The projection from the dmPFC to the core of the NAc is thought to play a pivotal role in the reinstatement of drug-seeking behavior by cues associated with drug reward (
McFarland and Kalivas, 2001). Although we did not examine reinstatement, our results are consistent with this literature, and extend the importance of this projection to cue-evoked natural reward-seeking behavior. Furthermore, we have identified a population of neurons in the NAc core that is excited by reward-predictive cues and demonstrated that these neuronal responses depend on both VTA (presumably dopaminergic) and dmPFC projections. An intriguing hypothesis is therefore that these DS-responsive neurons underlie cue-evoked relapse to drug-seeking behavior.

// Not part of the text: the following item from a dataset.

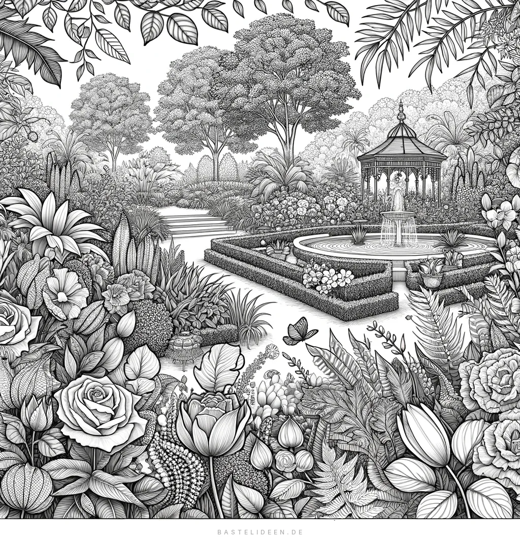 Detailreiche Gartenszene mit klassischem Springbrunnen, Pavillon und vielfältigen Blumenmustern zum Entspannen.

Additional studies should focus on this specific neuronal population to determine how they influence drug seeking and relapse.
In summary, we demonstrate that the projection from dmPFC to the NAc core is required for NAc neurons to fire maximally in response to reward-predictive cues presented during an operant task and that the dmPFC promotes the reward-seeking behavioral response to these cues. Because the BLA, the VTA, and dopamine receptor activation within the NAc are also required, our results suggest a simple circuit model, consistent with one that we proposed previously (
Yun et al., 2004a;
Nicola, 2007). When a reward-predictive cue is presented, glutamatergic neurons in the dmPFC (
Takenouchi et al., 1999;
Jodo et al., 2000) and BLA (
Muramoto et al., 1993;
Schoenbaum et al., 1998,
Schoenbaum et al., 1999) are excited and release glutamate onto subpopulations of NAc neurons. Dopaminergic neurons in the VTA are excited as well (
Ljungberg et al., 1992;
Schultz et al., 1993;
Pan et al., 2005) and release dopamine in the NAc core (
Bassareo and Di Chiara, 1999;
Ito et al., 2000;
Weiss et al., 2000;
Roitman et al., 2004;
Day et al., 2007). Neurons in the BLA signal that an event of potential emotional significance is occurring (
Hatfield et al., 1996;
Blundell et al., 2001;
Baxter and Murray, 2002), and dopaminergic neurons signal that a reward-predictive cue is being encountered (
Schultz, 1998). The excited dmPFC neurons signal the action to be selected to obtain the reward (
Passetti et al., 2002;
Heidbreder and Groenewegen, 2003). When all of these inputs converge in the NAc core, just those neurons that receive convergent input from the cue-excited neurons in the afferent structures fire, increasing the probability of the specific behavioral response necessary to obtain reward.